◆ **About this task**
A word-for-word copy of the listing is what's needed; leave out every image.

◆ **Available data**
'''

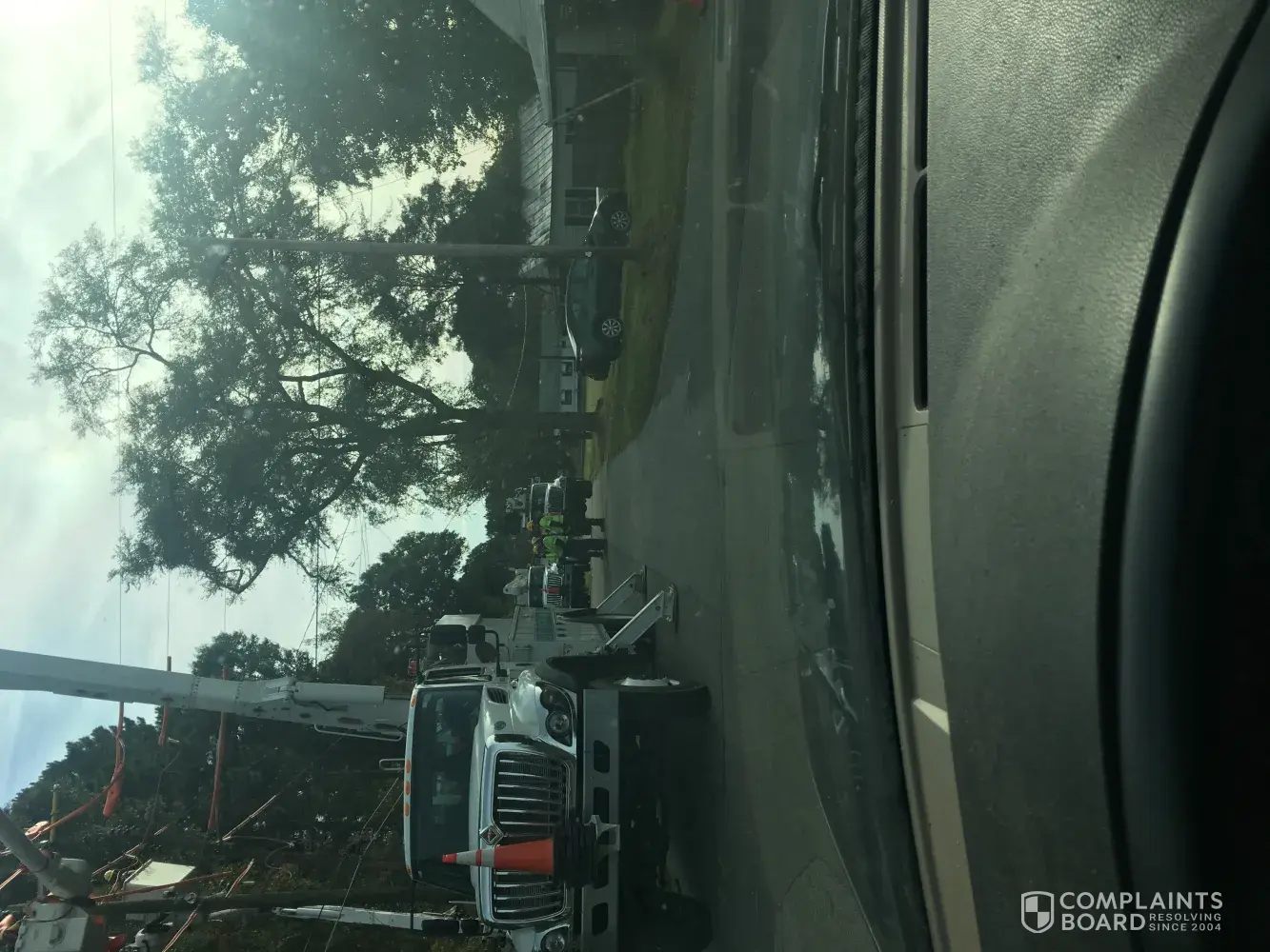 Mon Dec 10 Aprox 30 mins later Duke Energy came by inspected damage saw main feed conduit broken and disconnected he power was in the middle of cooking and needed to shower. I asked one of the workers what was required to get it back on. He said we needed to have the conduit replaced. I asked once it was what we were to do, who to call? He said I could call Duke Energy.
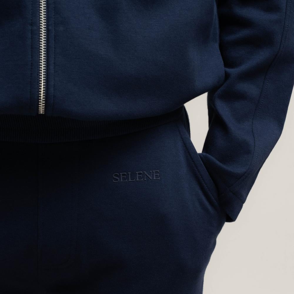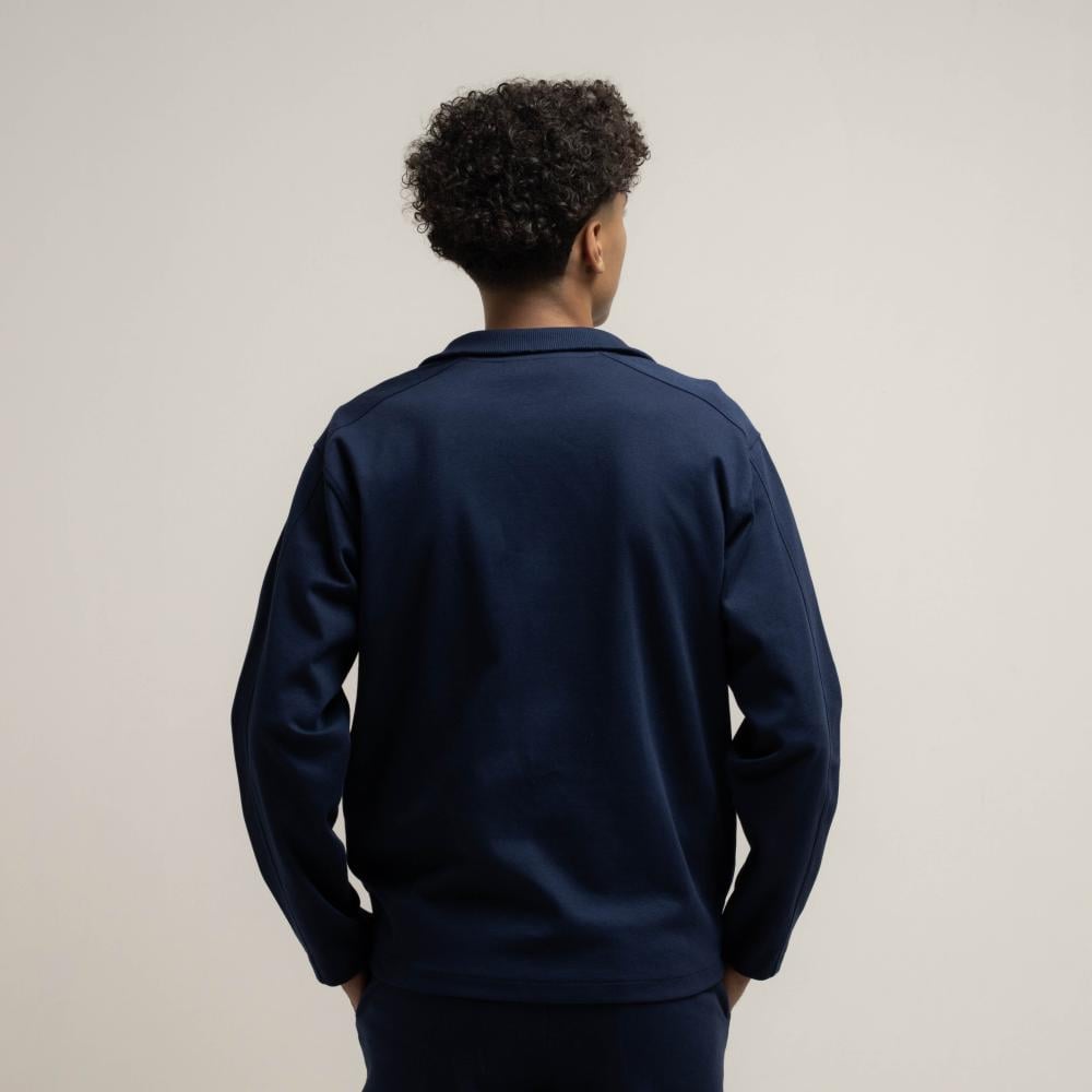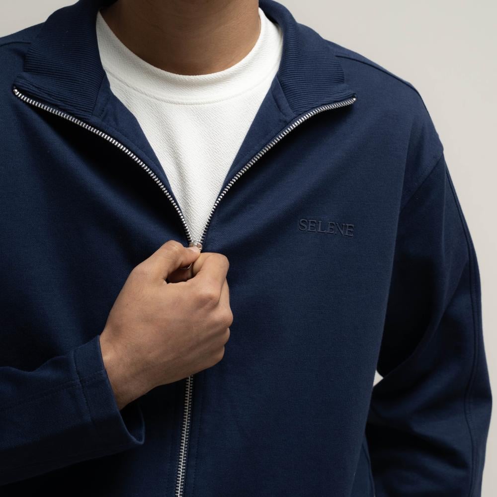 جاكيت رجالي مصنوع من قماش البيكيه أزرق بسحاب كامل — 83% قطن و17% بوليستر لنعومة ومتَانة تدوم.
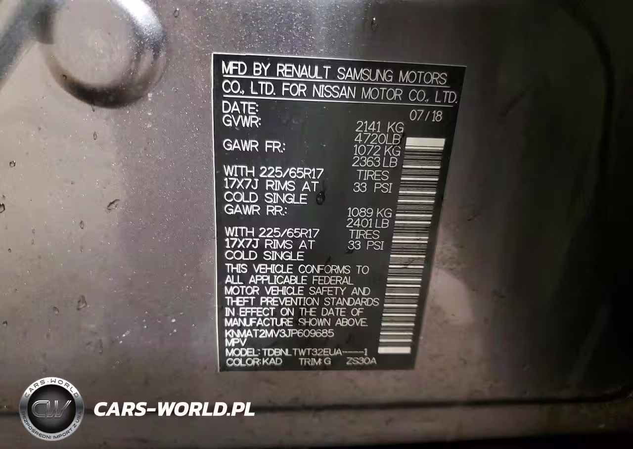 Copart Nr: C-79216135 VIN: KNMAT2MV3JP609685 Port: Elizabeth, NJ

'''

◆ **Exercise solution**
 Mon Dec 10 Aprox 30 mins later Duke Energy came by inspected damage saw main feed conduit broken and disconnected he power was in the middle of cooking and needed to shower. I asked one of the workers what was required to get it back on. He said we needed to have the conduit replaced. I asked once it was what we were to do, who to call? He said I could call Duke Energy.
 جاكيت رجالي مصنوع من قماش البيكيه أزرق بسحاب كامل — 83% قطن و17% بوليستر لنعومة ومتَانة تدوم.
 Copart Nr: C-79216135 VIN: KNMAT2MV3JP609685 Port: Elizabeth, NJ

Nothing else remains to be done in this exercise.